Which framework suits your need will depend very much on your use case. E.g. if you need symbol resolution, you're probably bound to those options that provide it anyway. I tried to get my feet wet with a Java transpiler and found the JavaParser metamodel more suitable than spoon's model and liked its small number of dependencies.

A general (though non-incremental) way to get a handle at an AST would be a parser generator like JavaCC (read: compiler compiler (aka compiler generator) written in Java that can create parsers for anything you have a grammar for) or ANTLR. If you want to parse SQL, you feed them a sql grammar, if you want to parse Java code, you feed them this one (ANTLR-format) or this one (JavaCC-format). The result will be a parser which can give you an AST for a given piece of code and a visitor class perhaps.

This approach gives you all possible control over the processing and the possibility to define or tweak a grammar depending on your needs, e.g. to introduce additional non-terminal nodes, trim it down to class/method-level only or pick out comments only without confusing them with string constants, if that's all you care about.

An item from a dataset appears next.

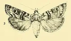 Expanse. 28 to 30 lines. Antennae ferruginous-grey, filiform. Legs, palpi, head, and thorax grey irrorated with ferruginous. A dark mark across front of thoracic crest. Crests strong. Abdomen greyish-ochreous, lighter in colour towards anal tuft, which is light ochreous-grey. Forewings grey, markings ferruginous. Reniform and orbicular grey out-lined with ferruginous. Base of wing light grey, followed by a dark jagged transverse line. A double jagged transverse line at 1⁄4 across wing. A suffused patch around reniform, continuing as a well-defined jagged line with a faint line on each side to dorsum. A rather indistinct suffused line near termen. Cilia grey. Hindwings uniform dark-grey. Cilia silvery-grey with a dark-grey line at base.[2]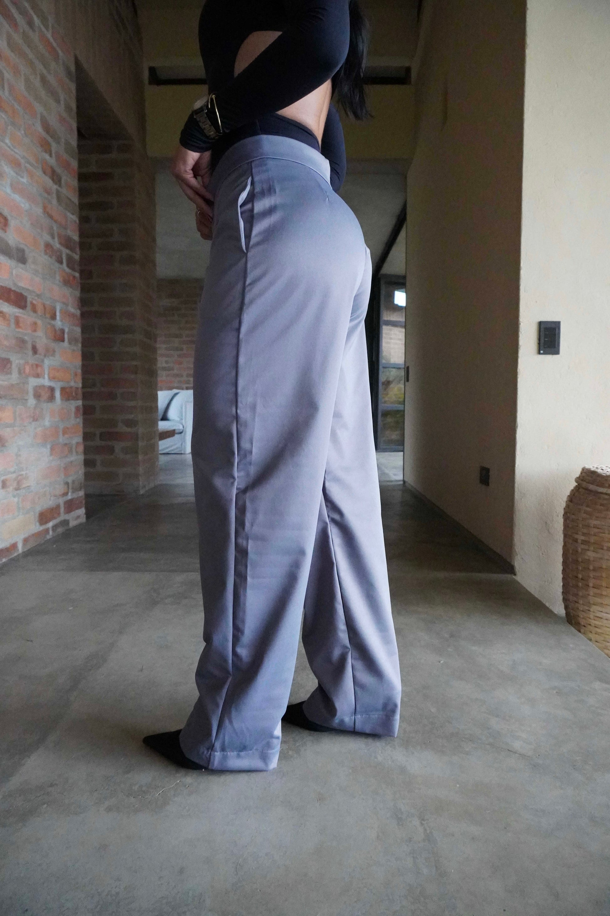 Pantalón asimétrico , bota recta, tiro medio con bolsillos ribete en la parte trasera, elaborado en tela satinada, una base textil fina y lisa al tacto de buen acabado, caída suave y fresca, tela muy cómoda de llevar.

You could also get at the structure of embedded non-Java code fragments, e.g. SQL query strings.

Btw. ANTLR can handle direct left recursion in the grammar, while JavaCC can't, e.g. for arithmetic expressions for binary operators like in exp := exp + exp

If your goal is to support developer activities as they write the code you'll have to deal with broken or incomplete code. Eclipse is build for the purpose and while I didn't use its jdt I'd expect it to handle such cases gracefully with reasonable feedback. Also ANTLR will recover from syntax errors if possible allowing you to define some error handling. I don't remember what spoon and JavaParser did in case of errors, I think, they expect syntactically correct code upfront.